Memory loss is also known as or subsumes Anterograde amnesia, Retrograde amnesia, and Short-term memory loss. -ed.
In this article, the authors provide an overview of memory loss and its most common presentations in the clinical setting (mild cognitive impairment, Alzheimer disease, vascular dementia, dementia with Lewy bodies, Wernicke-Korsakoff syndrome, and chronic traumatic encephalopathy). Risk factors for mild cognitive impairment are reviewed, along with lifestyle changes that have been suggested to slow progression from mild cognitive impairment to dementia.
Several drugs with anticholinergic activity can cause reversible memory loss in younger subjects, but in older patients these drugs can produce what looks like a dementing illness. For this reason, tricyclic antidepressants, first-generation antihistamines, and bladder antimuscarinic drugs should be avoided in those who are over 65.

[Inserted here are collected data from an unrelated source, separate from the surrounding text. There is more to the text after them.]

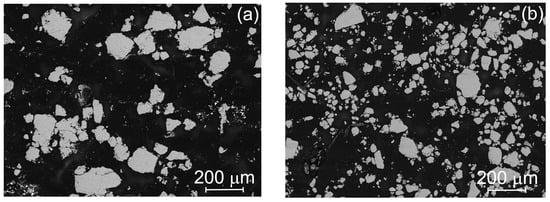Figure 1 shows images of powder particles (granules) of the composites studied in the plane of the section after mechanical alloying. These granules were formed through repeated alternating processes of welding and the destruction of powder particles during milling as a result of severe plastic deformation. These processes take place under the impact and abrasion of the milling balls. From Figure 1a, it can be seen that the edges of the Al-10% Al2O3 granules were uneven and their size was about 100 μm. At the same time, with the addition of 5 wt% Zr, the shape of the granules became more regular and their average size decreased to about 40 μm, indicating the development of greater work hardening in this material and the predominance of the destruction mechanism.
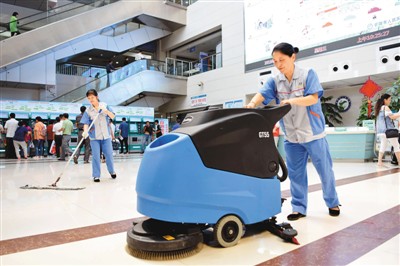 兩位清潔工在安徽省銅陵市人力資源和社會保障局開發(fā)的市人民醫(yī)院公益性崗位上工作。過仕寧 攝(人民圖片)
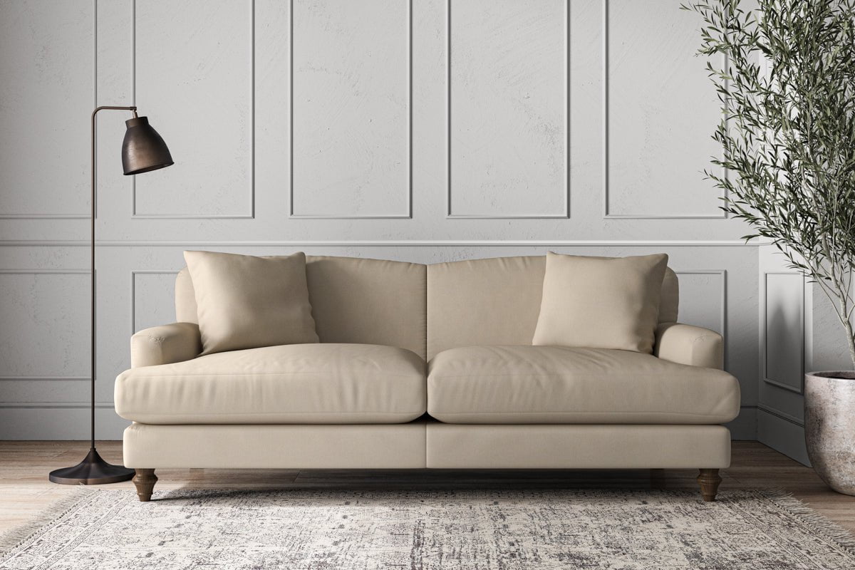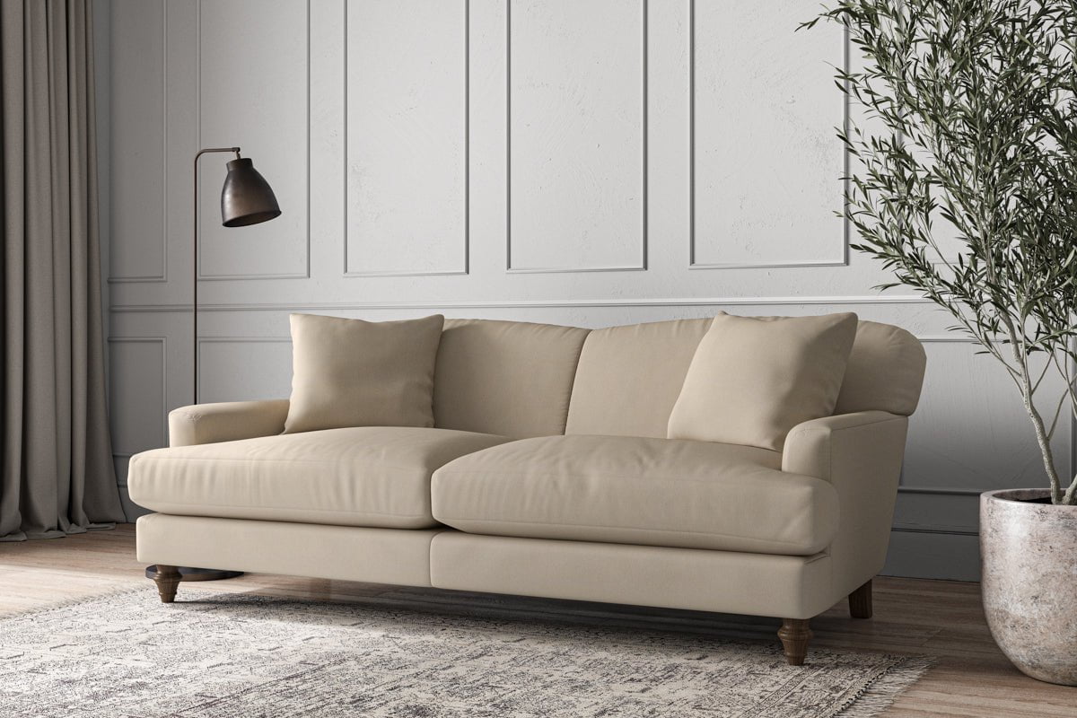 Our Deni large sofa is generously proportioned with deep, sumptuous seat cushions for luxurious comfort. Handcrafted from a solid hardwood frame with high-grade steel serpentine springs and foam and fibre wrap filling, this timeless collection celebrates the best of British quality and design. Fine details include in-built back cushions, hand-turned hardwood feet and two scatter cushions for added comfort.

Chronic traumatic encephalopathy causes early memory loss in boxers, football players, and war veterans. The neurofibrillary tangles and extracellular plaques in the brains of these patients at autopsy are similar to those seen in the brains of Alzheimer disease patients. Significantly more changes in subcortical white matter are seen in cognitively impaired retired football players compared to age-matched controls.
There is a link between physical activity and cognitive dysfunction in Alzheimer disease, especially when regular physical activity is employed early in the disease process. Experiments in animal models of Alzheimer disease have shown that physical activity improves spatial learning and reduces brain levels of markers of oxidative stress.
Aggressive treatment of vascular risk factors in patients with Alzheimer disease without cerebrovascular disease has been shown to significantly slow cognitive decline for at least 2 years.